На семейном портрете, который я нарисовала в детском саду, в центре листа, разукрасив цветом, я поместила своих бабушку и дедушку и добавила муху в одном углу — то был самолёт моего отца, — и корону в другом, демонстрирующую голубую кровь моей матери. Дабы развеять сомнения, на следующий день я принесла свою книгу, в которой фигурировала принцесса в горностаевом плаще верхом на белом медведе. Класс хором рассмеялся. Вернувшись домой, я бросила книгу в печку, где при 350? готовился кукурузный пирог. После того как ушли пожарные и начал рассеиваться дым, моя бабушка ударила меня с обычными выкриками — «Дрянная девчонка!», тогда как мой Попо пытался спасти меня, прежде чем она оторвёт мне голову. Сквозь икоту и сопли я рассказала своим бабушке и дедушке, что в школе меня прозвали «сиротой из Лапландии». Моя Нини в один из перепадов настроения прижала меня к своей, напоминавшей папайю, груди и заверила, что я вовсе не сирота, что у меня есть отец, бабушка и дедушка, и первый же негодяй, который отважится обидеть меня, будет иметь дело с чилийской мафией. Эта мафия состояла из неё одной, но я и Майк О`Келли боялись её настолько, что называли мою Нини Доном Корлеоне.
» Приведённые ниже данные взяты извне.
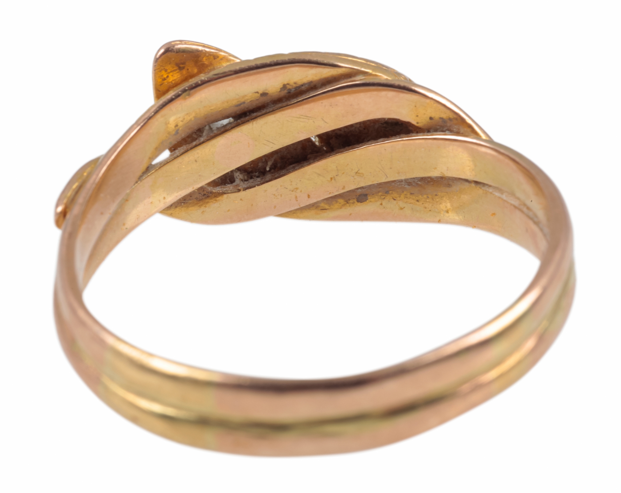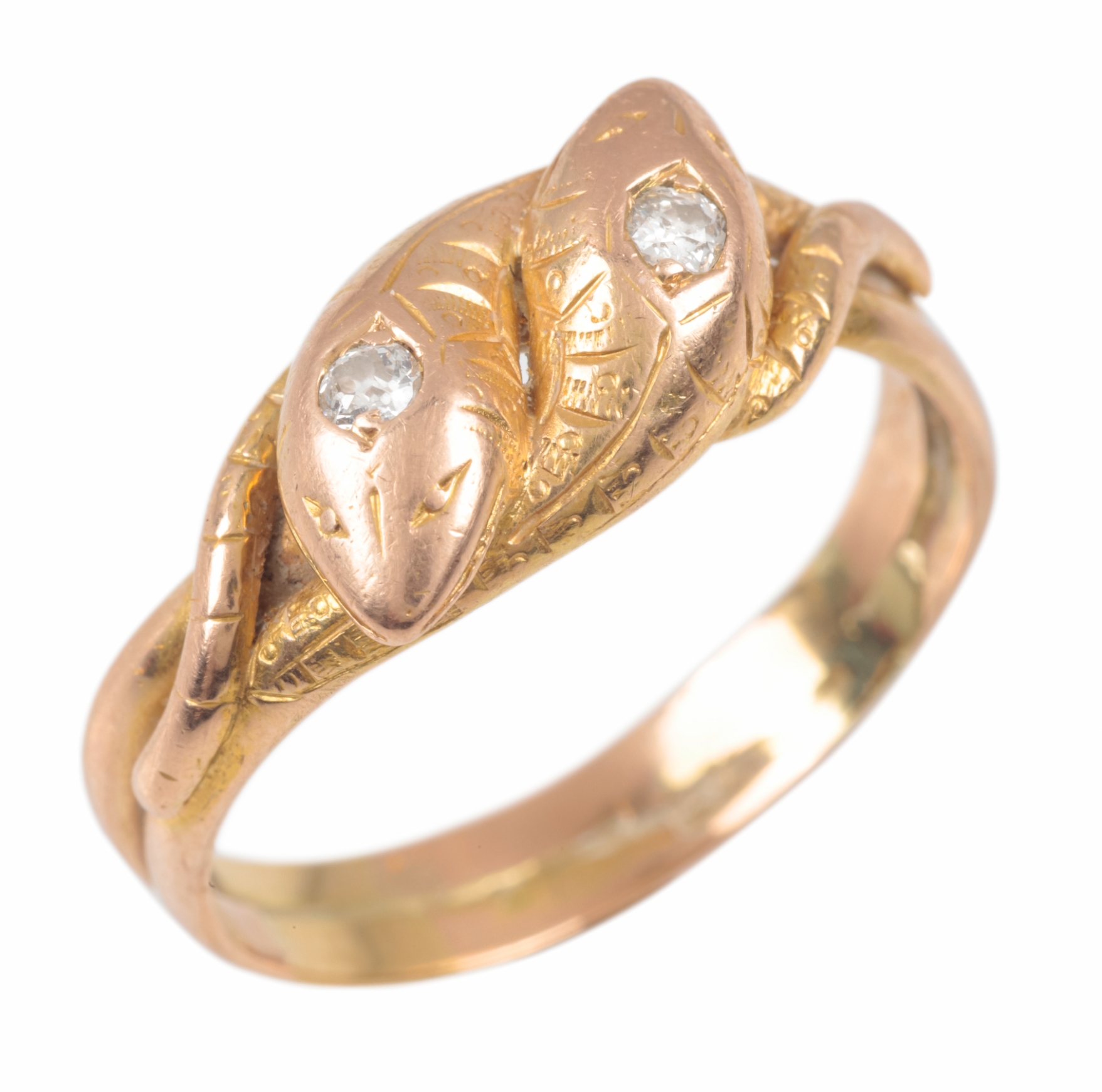 the double headed snake closed back set with two old cut diamonds, unmarked, surface testing as 14ct, ring size S, c. 4.8 grams

Бабушка с дедушкой забрали меня из детского сада и некоторое время обучали дома основам раскрашивания картинок и изготовлению пластилиновых червей, пока мой отец не вернулся из одной из своих поездок и не решил, что мне нужны отношения более подходящие для моего возраста — в дополнение к наркоманам Майка О`Келли, безвольным хиппи и беспощадным феминисткам, с которыми часто общалась моя бабушка. Новая школа состояла из двух старинных домов, соединённых крытым мостом на втором этаже, являвшимся архитектурным вызовом, — причём, казалось, будто само здание висит в воздухе из-за своей кривизны, подобно куполам соборов, как объяснил мне мой Попо, хотя я и не спрашивала его об этом. Они обучали по экспериментальной итальянской системе образования, по которой мы, ученики, делали всё, что хотели, в классах не было досок и парт, мы сидели на полу, учительницы не носили лифчики и сменную обувь, и каждая преподавала в своём собственном ритме. Возможно, мой папа предпочёл бы военную школу, но он не вмешивался в решение бабушки и дедушки, так как в данном случае они бы имели дело с моими учителями и помогали бы мне с домашними заданиями.